Pernikahan Eko dan Claire disambut penugasan dari Alan Bernstein, atasan Eko. Eko ditugaskan untuk mengurus pemasaran produk Asia Books ke sejumlah negara di Asia termasuk Indonesia. Kedatangan Eko dan istrinya ke Indonesia disambut orang tua dan kerabatnya dengan senang. Semenjak Eko melanjutkan studinya ke AS, ia mengalami banyak perbenturan kebudayaan. Pun ketika ia kembali ke Indonesia bersama istrinya. Sikap defensif masyarakat Jawa dalam menyikapi perbedaan norma dan ras ditonjolkan Umar Kayam pada bagian ini. Rasisme di Jawa tampak ketika Tommi, kerabat Harimurti, mengomentari Claire, yang berketurunan Yahudi. Di bagian yang lain, rasisme di Jawa tampak ketika Tommi menentang pernikahan putrinya yang bersuamikan seorang beretnis Cina. Tak hanya di Jawa, rasisme di AS juga digambarkan Umar Kayam melalui perjalanan silsilah keluarga Levin.

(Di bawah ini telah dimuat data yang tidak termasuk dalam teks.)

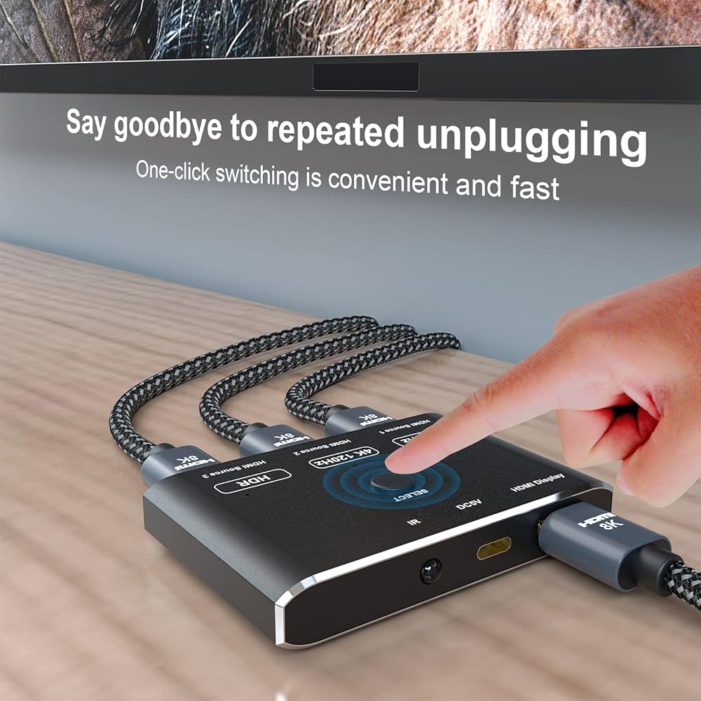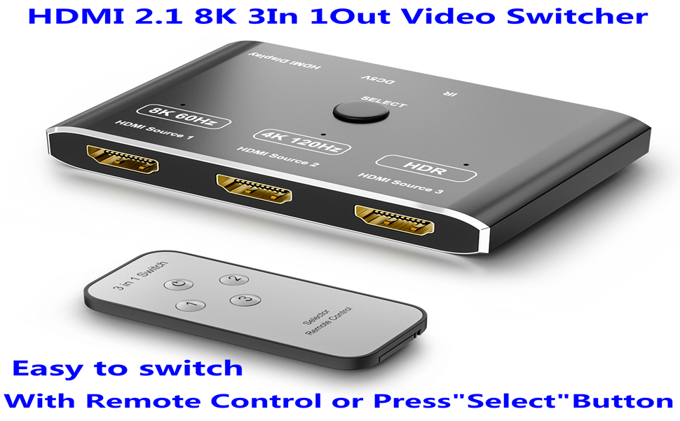 3 Port HDMI 2.1 Switch with Remote Control:While using this HDMI 2.1 3Port Switch,you can have two methods to switch between your three hdmi source devices.**1:Press"select"button in the switcher to swift,**2:Press"1""2""3"in the remore control to switch between your HDMI Source Devices,Note:you should press "Power"Symbol to turn on the switcher firstly.
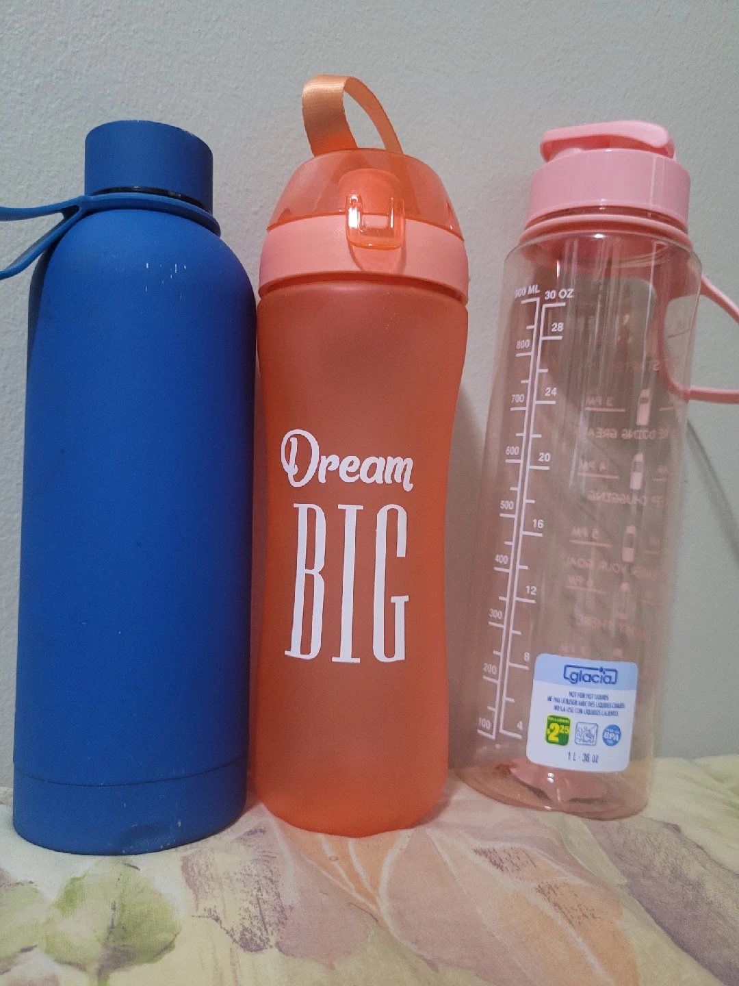 1000+Selling a set of water bottles! One is a blue insulated stainless steel bottle, another is an orange bottle with 'Dream BIG' written on it, and the last is a clear Glacial bottle with volume measurements. Perfect for staying hydrated!
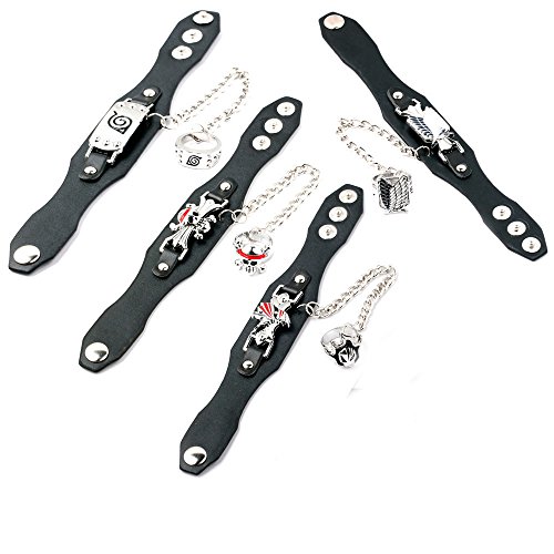 Generic Black Anime Pu Leather Bracelet With Ring Charms Punk Cosplay

Keluesan Umar Kayam dalam mendeskripsikan sistem kekerabatan dan kebudayaan di AS dan Jawa mampu memacu imajnasi pembaca. Perbedaan pandangan mengenai norma adat dari generasi ke generasi ikut membumbui jalan cerita. Novel ini cocok bagi orang yang mengaku pluralis dan menggemari sastra. Sebuah perjalanan di perantauan dijabarkan dengan penuh lika-liku oleh penulis. Tak hanya itu, penyampaian penulis juga sarat kritikan terhadap sistem pengadilan, pengupahan dan pendidikan di Indonesia yang masih buruk. Sayang, kata ganti tokoh utama yang berubah-ubah mengganggu kenikmatan membaca. Alur yang terkadang berubah di tiap bagiannya juga membingungkan pembaca. Terlepas dari itu semua, novel ini mampu menambah khazanah mengenai pluralitas tiap ras di AS dan Indonesia. Jadi, selamat menikmati pergulatan pluralitas rasa novel!